[Entries provided — start]

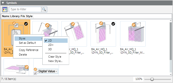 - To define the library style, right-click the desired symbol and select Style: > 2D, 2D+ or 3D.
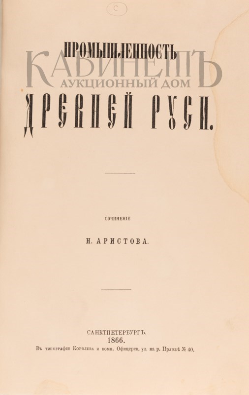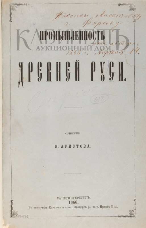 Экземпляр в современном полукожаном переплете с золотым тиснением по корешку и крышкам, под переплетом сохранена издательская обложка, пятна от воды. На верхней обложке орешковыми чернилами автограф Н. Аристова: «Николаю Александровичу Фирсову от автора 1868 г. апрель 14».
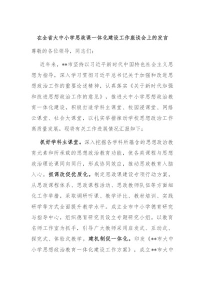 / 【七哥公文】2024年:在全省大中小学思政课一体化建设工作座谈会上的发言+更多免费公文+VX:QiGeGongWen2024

[Entries provided — finish]
[Entries provided — start]

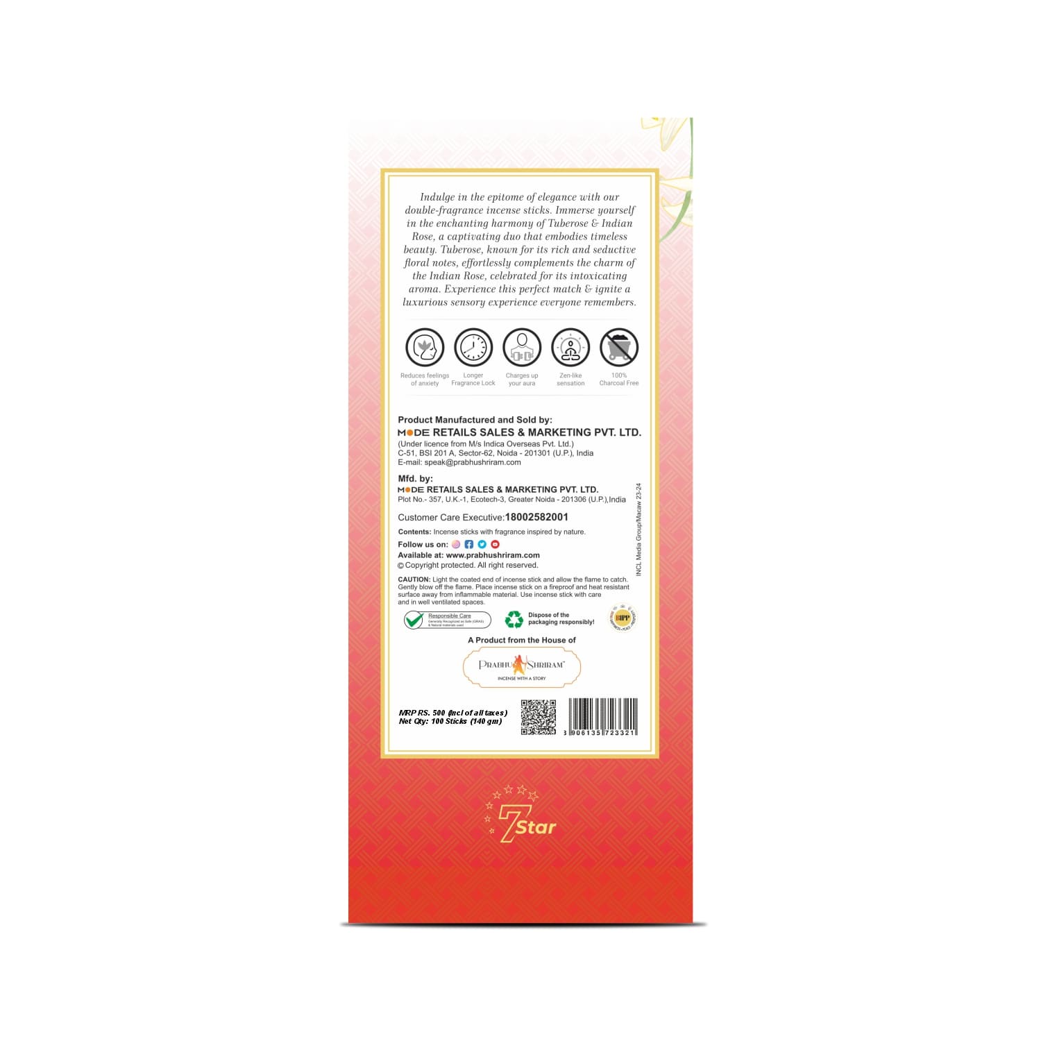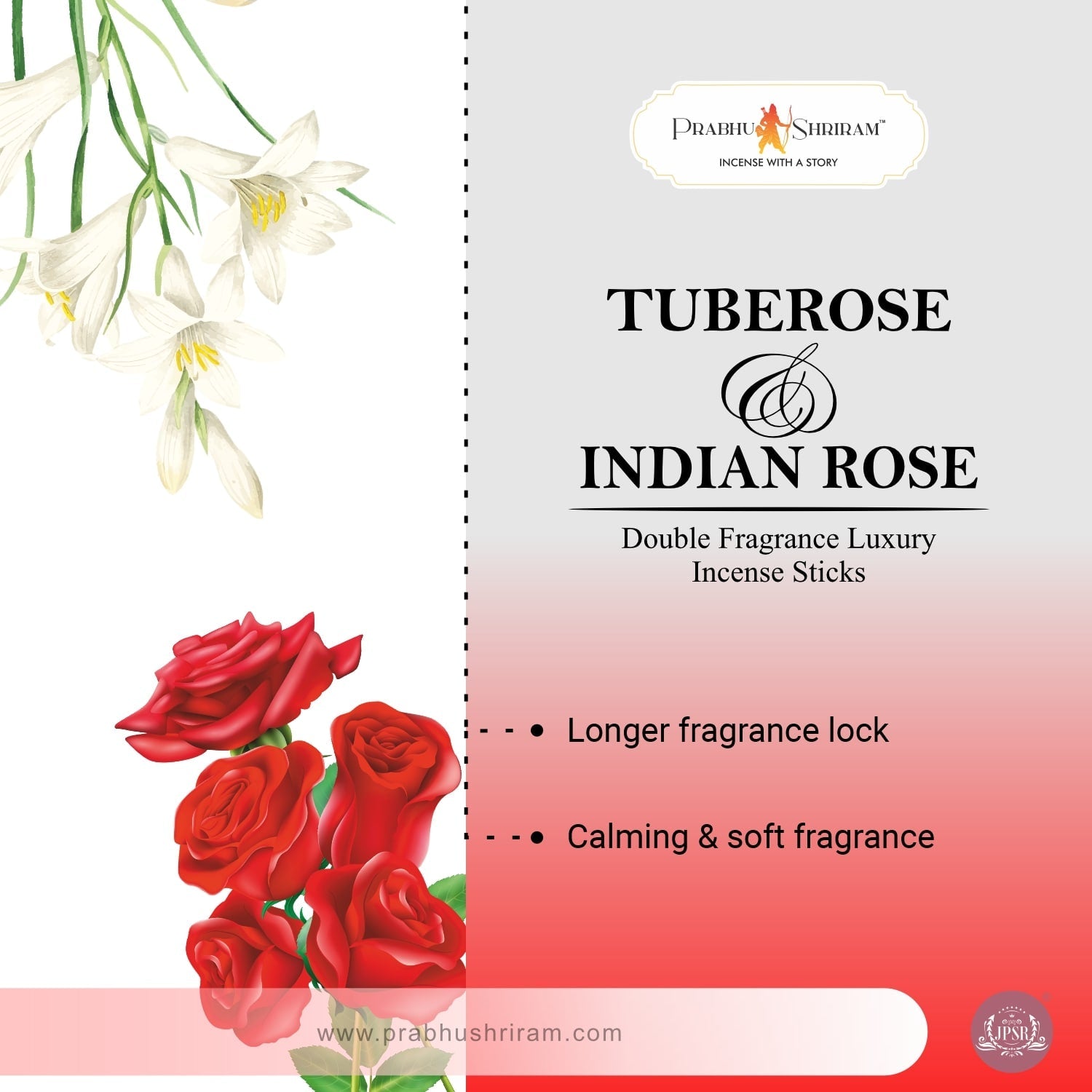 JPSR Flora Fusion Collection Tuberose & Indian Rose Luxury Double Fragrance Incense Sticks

[Entries provided — finish]
[Entries provided — start]

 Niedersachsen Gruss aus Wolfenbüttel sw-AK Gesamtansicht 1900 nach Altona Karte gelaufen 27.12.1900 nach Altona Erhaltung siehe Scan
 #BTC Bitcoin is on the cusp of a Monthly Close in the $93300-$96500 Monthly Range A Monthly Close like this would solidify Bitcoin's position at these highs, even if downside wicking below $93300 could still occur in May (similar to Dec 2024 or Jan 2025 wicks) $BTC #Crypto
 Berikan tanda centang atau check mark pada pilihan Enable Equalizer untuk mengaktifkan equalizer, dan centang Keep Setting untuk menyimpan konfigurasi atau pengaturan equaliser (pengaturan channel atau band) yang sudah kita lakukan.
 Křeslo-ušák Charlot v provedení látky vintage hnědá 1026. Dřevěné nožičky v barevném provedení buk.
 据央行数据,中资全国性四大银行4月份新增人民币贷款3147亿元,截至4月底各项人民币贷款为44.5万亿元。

[Entries provided — finish]

_About this task_. Using the records above, copy word for word the line with "Berikan tanda centang", the line with "据央行数据,中资全国性四大银", and every line between them.

_Written solution_.
 Berikan tanda centang atau check mark pada pilihan Enable Equalizer untuk mengaktifkan equalizer, dan centang Keep Setting untuk menyimpan konfigurasi atau pengaturan equaliser (pengaturan channel atau band) yang sudah kita lakukan.
 Křeslo-ušák Charlot v provedení látky vintage hnědá 1026. Dřevěné nožičky v barevném provedení buk.
 据央行数据,中资全国性四大银行4月份新增人民币贷款3147亿元,截至4月底各项人民币贷款为44.5万亿元。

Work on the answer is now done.